I'll start - It annoys me that Billie wants to chew my (eye) spectacles & gets *really* cranky when I make him stop. I also get annoyed when I forget to cover my tiny nose stud & Billie rips it out. It's a major OUCH!


----------



## roxy culver (May 27, 2010)

I get annoyed at Jeep's and Fuzzy's persistence...you push them away and they come right back. I moved Jeep off my shoulder today because as he was chewing on my spaghetti strap and chewed on my skin so I moved him and he came right back!


----------



## birdluv (Jul 31, 2007)

When Sunny imatates a seagull and the telephone for almost 2 hours straight non stop


----------



## Belinda (Oct 9, 2010)

Arnie flying down onto the ground specifically to chew the pedestal fan lead.

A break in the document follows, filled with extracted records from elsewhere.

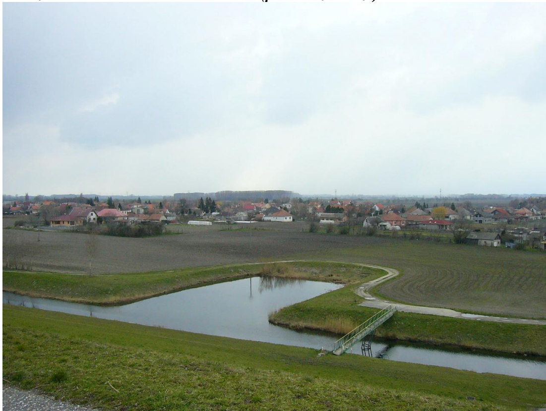
Obrázok č. 2: Trstené chatky (typické pre obec)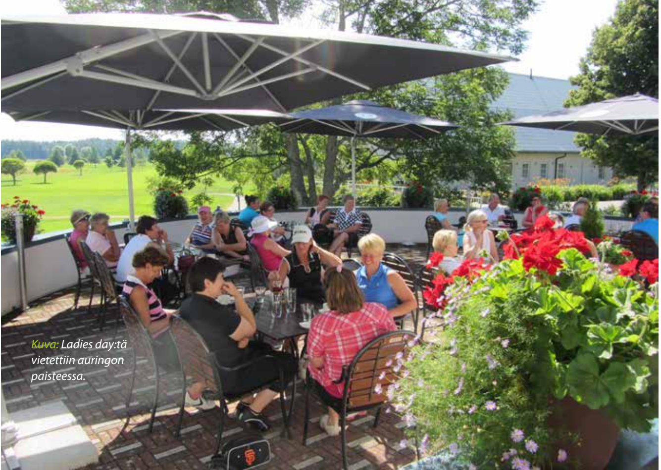
Kuva: Ladies day:tä vietettiin auringon paisteessa.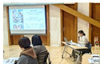
団体名： 食物アレルギーと共に あゆむ会・もぐもぐ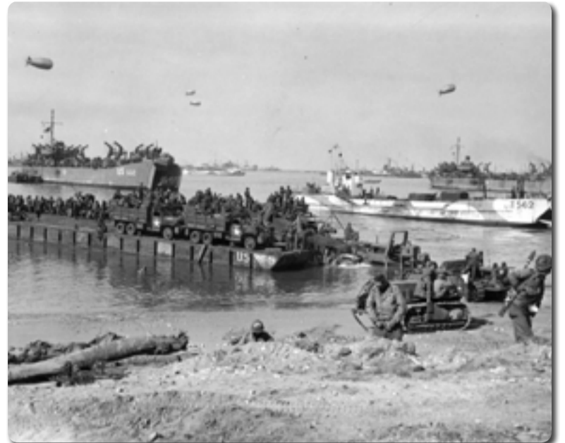
Высадка союзников в Нормандии

- Иду по городу, кругом немцы. Я случайно оказался перед фельд-жандармерией, где проверяли документы. Я не мог повернуть обратно, они бы меня арестовали. Но тут я увидел, что передо

I remove her far far far away but she just flies right back to that spot. Also when I'm chopping up stuff for dinner, she flies over and steals stuff I'm chopping up, gets in the way, and poops on the chopping board if I don't remove her.


----------



## xoxsarahxox (Dec 13, 2010)

Aero annoys me when I leave the room for 5 minutes and he screams until i come back( its not a flock call its a scream!) He also has taken to flying onto my head and if move him away **** just fly back again and he tries to leave my head by climbing down my face( sharp nails). Hes always chewing things hes not supposed to which includes if hes on my shoulder my earrings which **** wait til im not paying attention and then **** steal my earring, biting my ear in the process and then **** run away with my earring and i have to have a tug of war with him to get it back! Hes quite the little terror. Also my family thinks hes evil because **** bite them if they try to pick him up....apparently im the only one allowed to touch him


----------



## Cryson123 (Feb 18, 2011)

Birdie screams whenever he can't see me, real crazy scream. Poor guy loves me too much haha


----------



## Siobhan (Mar 21, 2010)

Freddie doesn't wait to be invited to help me eat my supper; he flies over and lands in the middle of my plate and helps himself.  I'm quite happy to share, mind you. I just wish he wouldn't land splat in my food! Though he will step up and sit on my hand and "let" me feed him.


----------



## Sar (Sep 22, 2010)

Billy has NEVER pooped on a chopping board, he is far too well mannered for that!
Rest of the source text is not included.